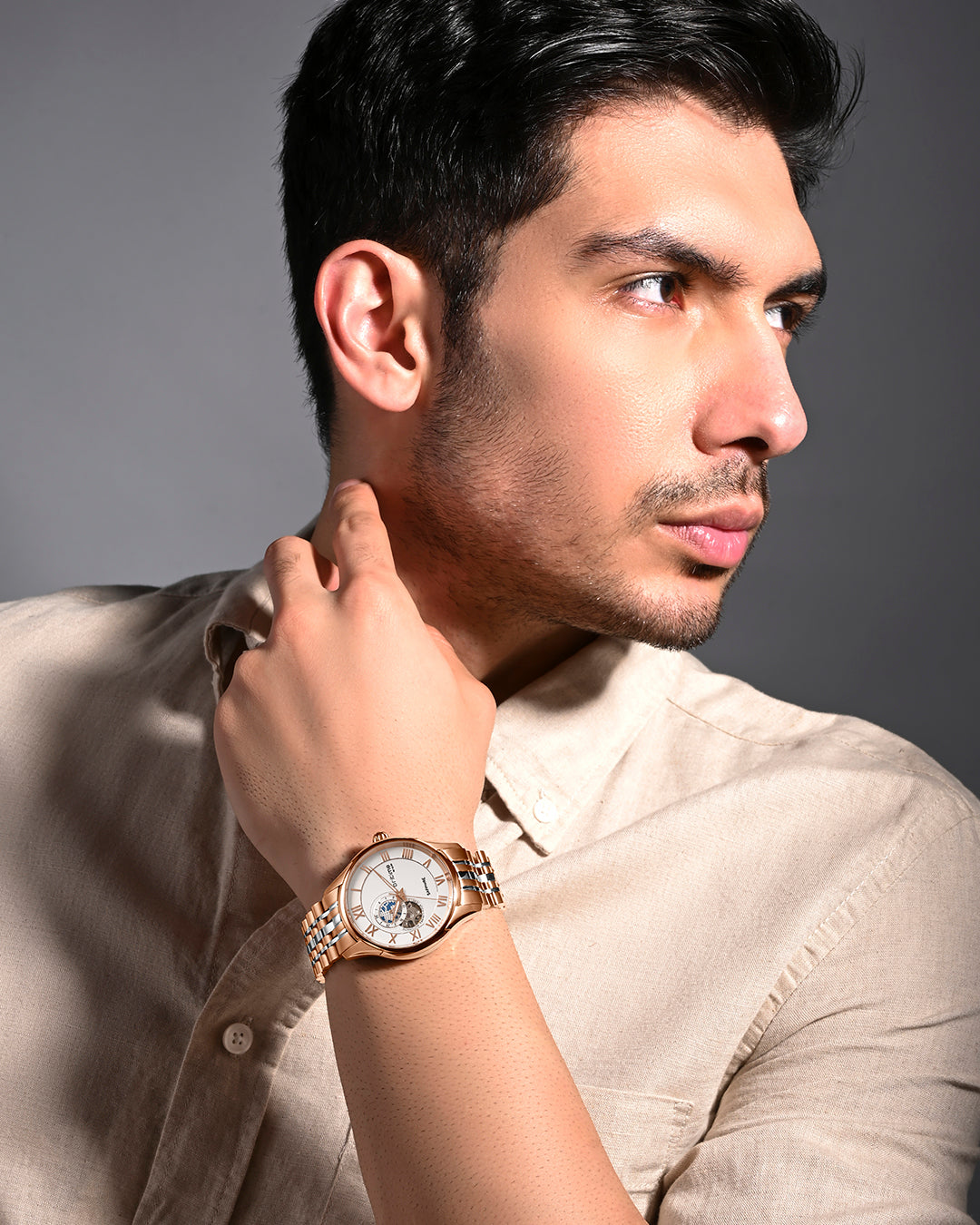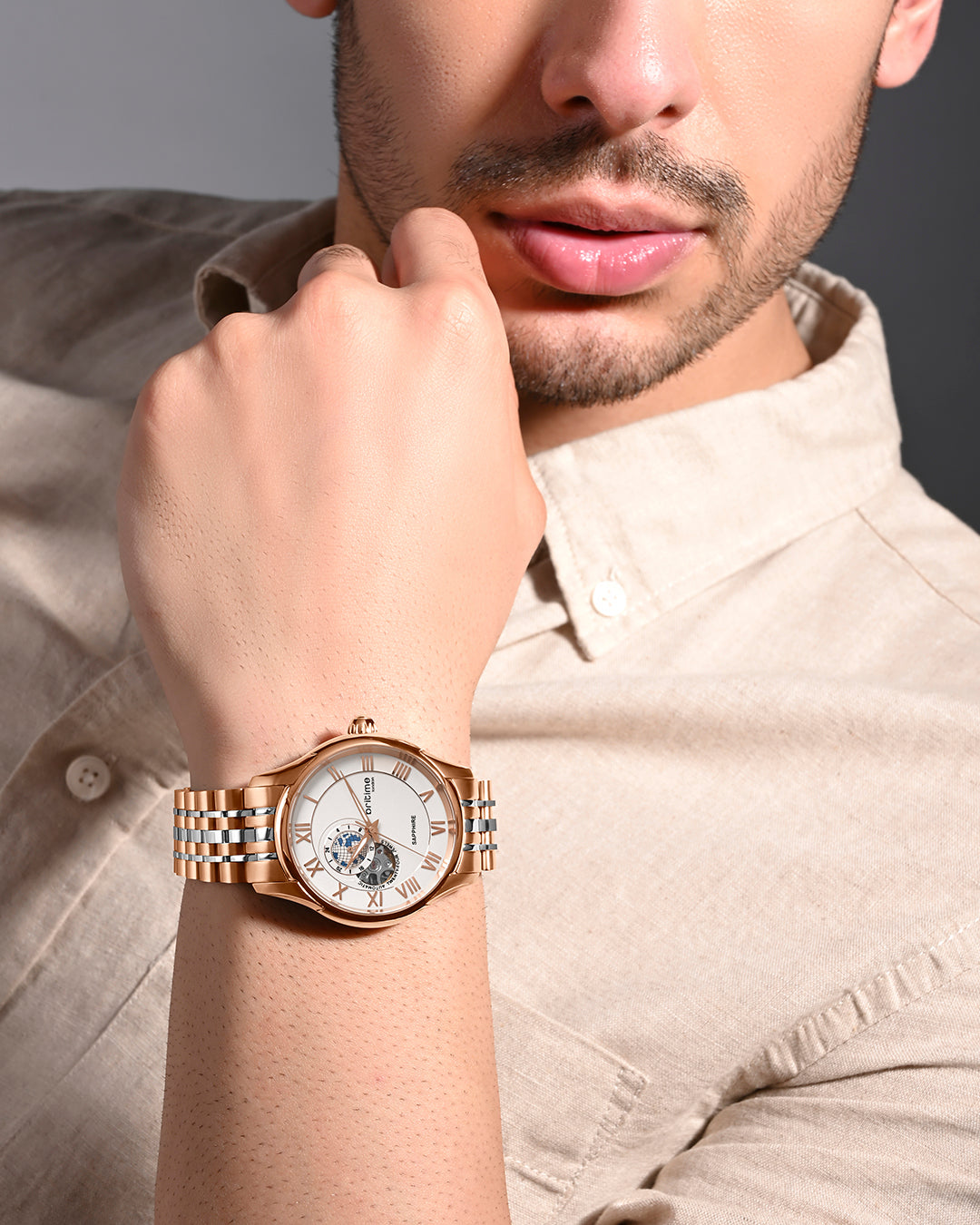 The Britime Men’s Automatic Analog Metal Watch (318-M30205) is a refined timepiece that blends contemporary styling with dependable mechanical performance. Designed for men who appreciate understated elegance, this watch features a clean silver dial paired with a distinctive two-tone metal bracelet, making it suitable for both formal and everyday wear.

===

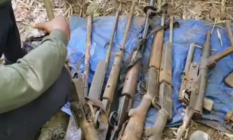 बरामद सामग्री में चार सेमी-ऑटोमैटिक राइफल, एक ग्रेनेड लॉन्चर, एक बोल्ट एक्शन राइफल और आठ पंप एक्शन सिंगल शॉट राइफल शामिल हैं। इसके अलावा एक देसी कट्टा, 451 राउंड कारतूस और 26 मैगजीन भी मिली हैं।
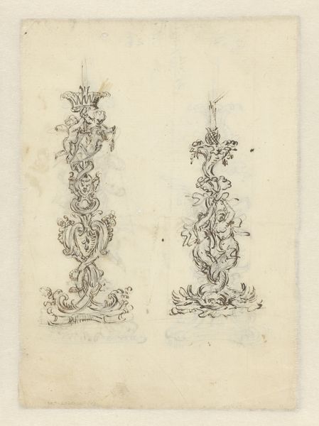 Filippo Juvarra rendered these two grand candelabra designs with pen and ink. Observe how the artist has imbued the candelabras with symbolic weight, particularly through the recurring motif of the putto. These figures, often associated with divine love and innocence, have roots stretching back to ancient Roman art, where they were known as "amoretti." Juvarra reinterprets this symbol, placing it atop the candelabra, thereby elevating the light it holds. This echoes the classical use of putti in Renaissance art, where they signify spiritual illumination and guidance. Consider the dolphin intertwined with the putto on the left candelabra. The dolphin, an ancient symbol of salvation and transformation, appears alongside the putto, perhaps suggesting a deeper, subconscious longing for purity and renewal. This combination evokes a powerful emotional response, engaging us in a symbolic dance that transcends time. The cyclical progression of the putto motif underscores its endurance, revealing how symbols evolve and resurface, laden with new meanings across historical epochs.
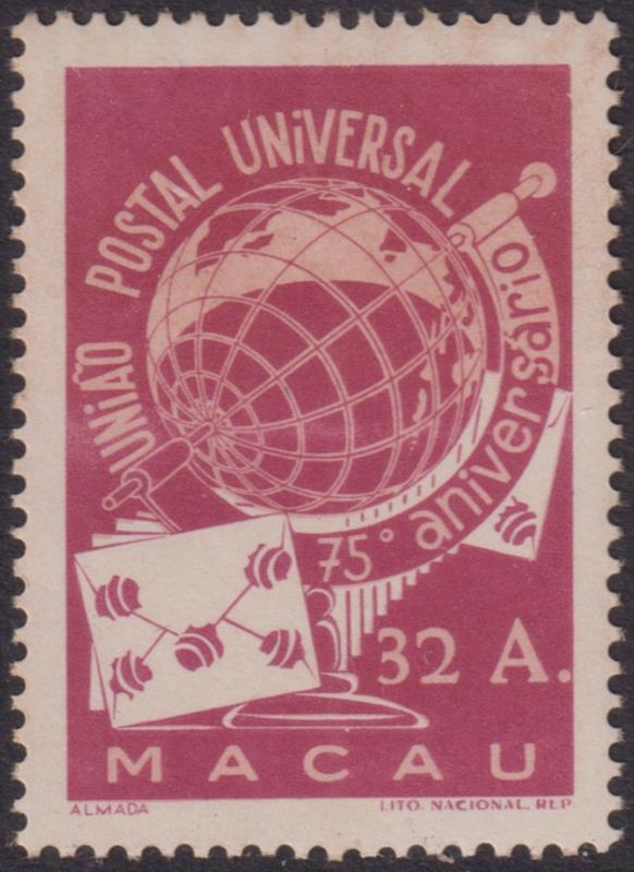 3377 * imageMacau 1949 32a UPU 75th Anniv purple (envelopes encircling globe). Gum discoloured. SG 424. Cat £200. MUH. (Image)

===

WHAT THIS TASK INVOLVES: Pictures in the entries do not go into the copy. Print only the lines starting at the one containing "Filippo Juvarra rendered" and ending at the one containing "3377 * imageMacau", exactly as they appear.

YOUR RESPONSE:
 Filippo Juvarra rendered these two grand candelabra designs with pen and ink. Observe how the artist has imbued the candelabras with symbolic weight, particularly through the recurring motif of the putto. These figures, often associated with divine love and innocence, have roots stretching back to ancient Roman art, where they were known as "amoretti." Juvarra reinterprets this symbol, placing it atop the candelabra, thereby elevating the light it holds. This echoes the classical use of putti in Renaissance art, where they signify spiritual illumination and guidance. Consider the dolphin intertwined with the putto on the left candelabra. The dolphin, an ancient symbol of salvation and transformation, appears alongside the putto, perhaps suggesting a deeper, subconscious longing for purity and renewal. This combination evokes a powerful emotional response, engaging us in a symbolic dance that transcends time. The cyclical progression of the putto motif underscores its endurance, revealing how symbols evolve and resurface, laden with new meanings across historical epochs.
 3377 * imageMacau 1949 32a UPU 75th Anniv purple (envelopes encircling globe). Gum discoloured. SG 424. Cat £200. MUH. (Image)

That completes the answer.